Let $f$ be a function with domain D, and let $g$ be an extension of $f$ with domain A. Then by definition, $f=g|_{D}$ and $D \subseteq A$. Let $i$ be the inclusion mapping from D to A given by $i(x)=x$ for all $x \in D$. Prove $f = g \circ i$.
So I know that to prove function equality, I have to prove that: 1. Dom(f)=Dom($g \circ i$) 2. For all $x \in Dom(f)$, f(x)=g(x)
To prove the first point, I have: $[\subseteq]$ Let $x \in Dom(f)$. Then $x \in D$. $Dom(g \circ i)=D$ by Theorem 4.2.1, so $Dom(f) \subseteq Dom(g \circ i)$ $[\supseteq]$ Let $x \in Dom(g \circ i)$. $Dom(g \circ i)=D$, so $x \in D$. Dom(f)=D, so $Dom(g \circ i) \subseteq Dom(f)$.

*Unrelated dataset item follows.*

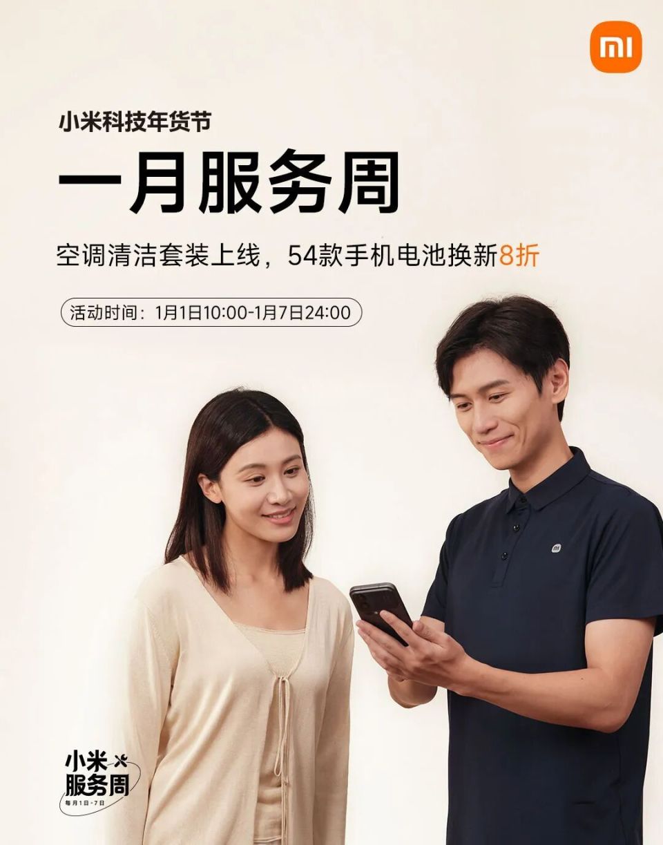 来了来了,一个月一次的小米服务周活动,终于又开始 了。今天早上,阿米官宣 2026 年 1 月服务周正式上线。活动内容方面,除了换电池 8 折、电脑清洁 5 折、99 元家电清洁经典三件套外,这次还新增了一个空调清洁套装

Then, to prove the second point, I'm sort of lost. I know I have to prove that for any $x \in f(x), x \in g(x)$, but I'm lost as to how.
Suggestions?
On the first part: Since you have that $Dom(f)=D=Dom(g\circ i)$, you don't have to do inclusion in both directions, because you already know they're the same set.
For the second point, what you need to show is that, for every $x$ in that domain, we have $f(x)=(g\circ i)(x)$, which is true by definition of "extension".
That's really all you need.